Journal entry following the first ayahuasca ceremony:
I think I was meant for me to have to wait and experience such immense doubt in order to be impacted to the fullest, which I now accept. I was so happy, filled with joy, and overwhelmed, I immediately became apologetic for ever having questioned her existence. I cried, cried, and cried some more, out of pure joy and the feeling of relief that my long and arduous journey to South America had not been in vain. I felt love, a motherly love so powerful, I cannot recall having ever felt anything nearly as awe-inspiringly beautiful.

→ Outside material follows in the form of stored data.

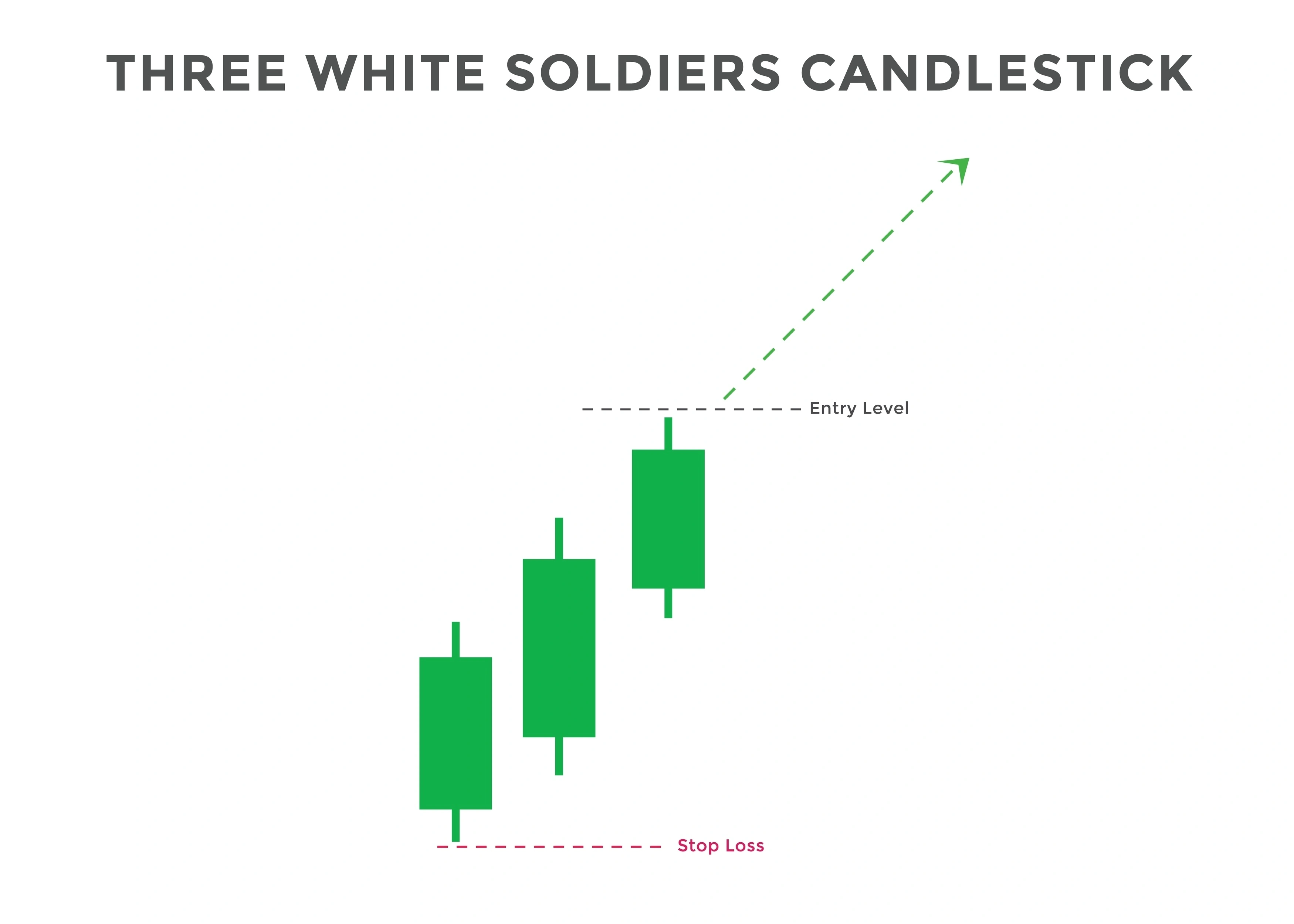 The Three White Soldiers is a bullish reversal (and sometimes continuation) pattern that unfolds over three consecutive trading sessions. It is characterized by three long, strong green candles marching upward.
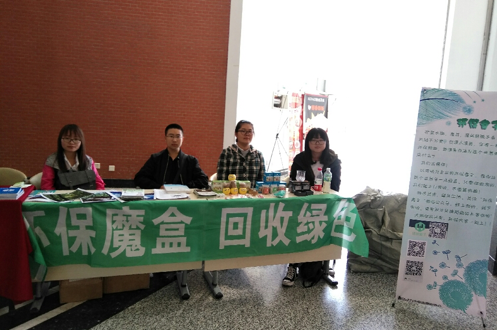 9月25日上午,由中国地质大学学生团体发起,携手永利官网绿色动力环保志愿者协会开展的环保盒子活动正式开始。此活动在北苑食堂进行为期三天的摆台宣传,及为期2个月的上门回收,并得到了领导的关注以及同学们的积极参与。
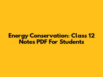 Energy Conservation: Class 12 Notes PDF For Students
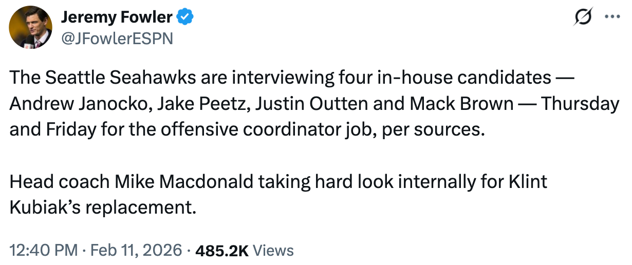 The Seahawks OC search is scheduled for Thursday and Friday, but they will have to interview at least one outside candidate to be compliant with the Rooney Rule and perhaps that person will win the job.

“She” hugged me, she entered my soul, and she took me on a ride, a ride I wanted to last forever. I visited a world, or realm of pulsating life, wisdom, strength and love, which manifested itself in the most complex, beautiful and transcendent geometric patterns of waves flowing, crashing, entering and healing me at a level I cannot fully comprehend just yet. I feel as if I’ve been given the greatest gift that has ever been given to any person, at any point in time, I thank you.

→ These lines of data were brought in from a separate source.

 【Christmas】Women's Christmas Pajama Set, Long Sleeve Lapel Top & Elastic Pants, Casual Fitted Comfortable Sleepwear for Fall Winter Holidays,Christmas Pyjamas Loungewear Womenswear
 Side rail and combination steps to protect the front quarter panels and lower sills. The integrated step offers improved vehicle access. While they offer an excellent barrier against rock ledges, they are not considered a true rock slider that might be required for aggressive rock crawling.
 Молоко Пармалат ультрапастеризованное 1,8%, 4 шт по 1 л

Once I regained my bearings, after being lost in my bliss of discovery, I was able to address so many neglected aspects of my life with a clarity I still cannot believe. I love everyone and we’re all connected. I love my family and I’m able to forgive anyone who’s ever caused me pain, including my mother, who has been a major source of resentment and unhealthy distaste in my life.

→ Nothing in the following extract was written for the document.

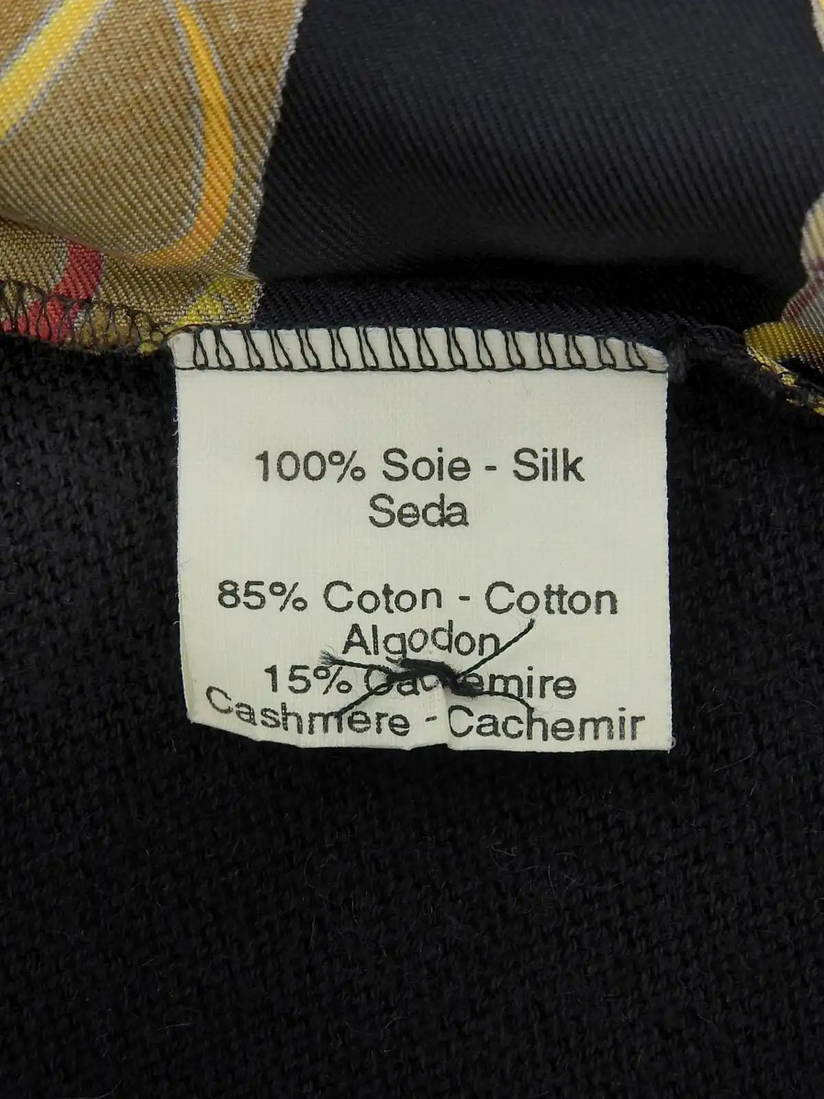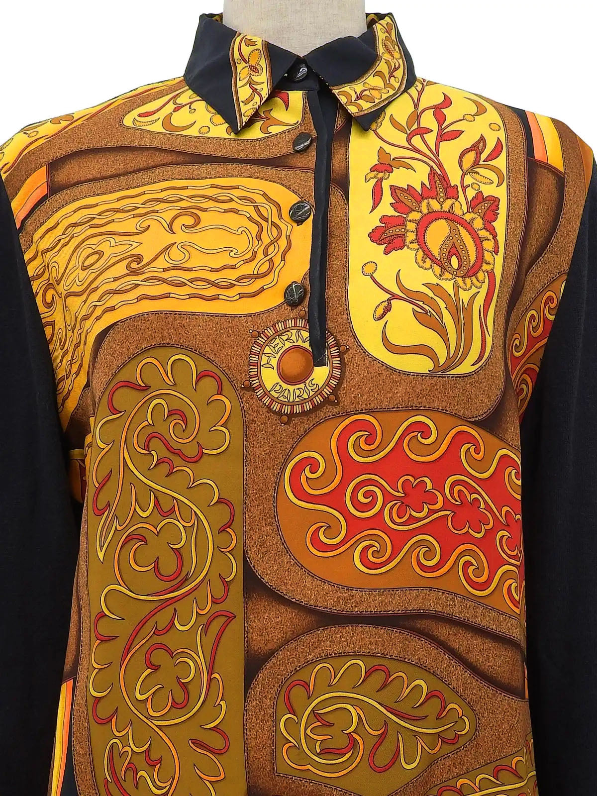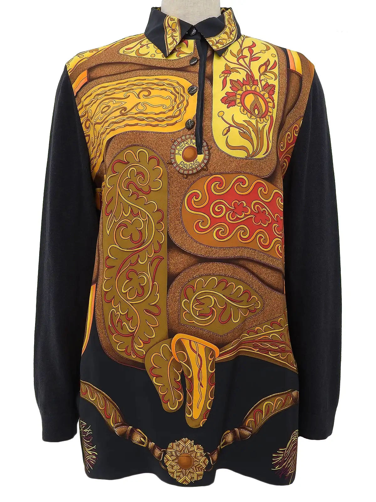 Silk knit combination design pattern long sleeve shirt in black/brown/multi

Aya let me calm my mind by audibly speaking to me and saying: “I love you, you’re close, so close, keep going…. you’re finally here, it’s ok, I’m real, I’ve always been here, you just needed to find me, and you did.”
Politics, war, hate, vanity, money, materialism, even science, all became so clearly trivial and microscopic compared to the world I was invited into. I feel there is so much to think about, to talk about… I feel as if I just lived an entire life and came back to the physical world once Aya felt that my soul was quenched…. Is time even real anymore??
I had struggles throughout my experience, I felt pain, discomfort, fear, apprehension, but she was there throughout it all, telling me how strong I am, how it’s ok to let go, to ask for help and that she’d always be there. As soon as I completely relinquished control to her and gave up my fearful resistance, she lifted me up to another level unimaginable to me, or any person for that matter. At this point I could feel every bone in my body literally contort as if they were malleable roots shifting through the dense earth, and I experienced all of my atoms become their own individual life forms.
I thought my supernatural experience was over once the ceremony concluded, but once I laid down to rest in my bed she came to me again, we weren’t finished… Throughout my experience I could not stop greedily “drinking”, I was gulping life as a person who had never taken a true breath in their life. Then there were periods where Aya told me that we don’t need to breath anymore and I felt as if I had transcended into yet another realm where I wouldn’t need oxygen or breath; a realm of enlightenment where all feelings, thoughts, time, gender, morphed into a greater non-discriminating existence.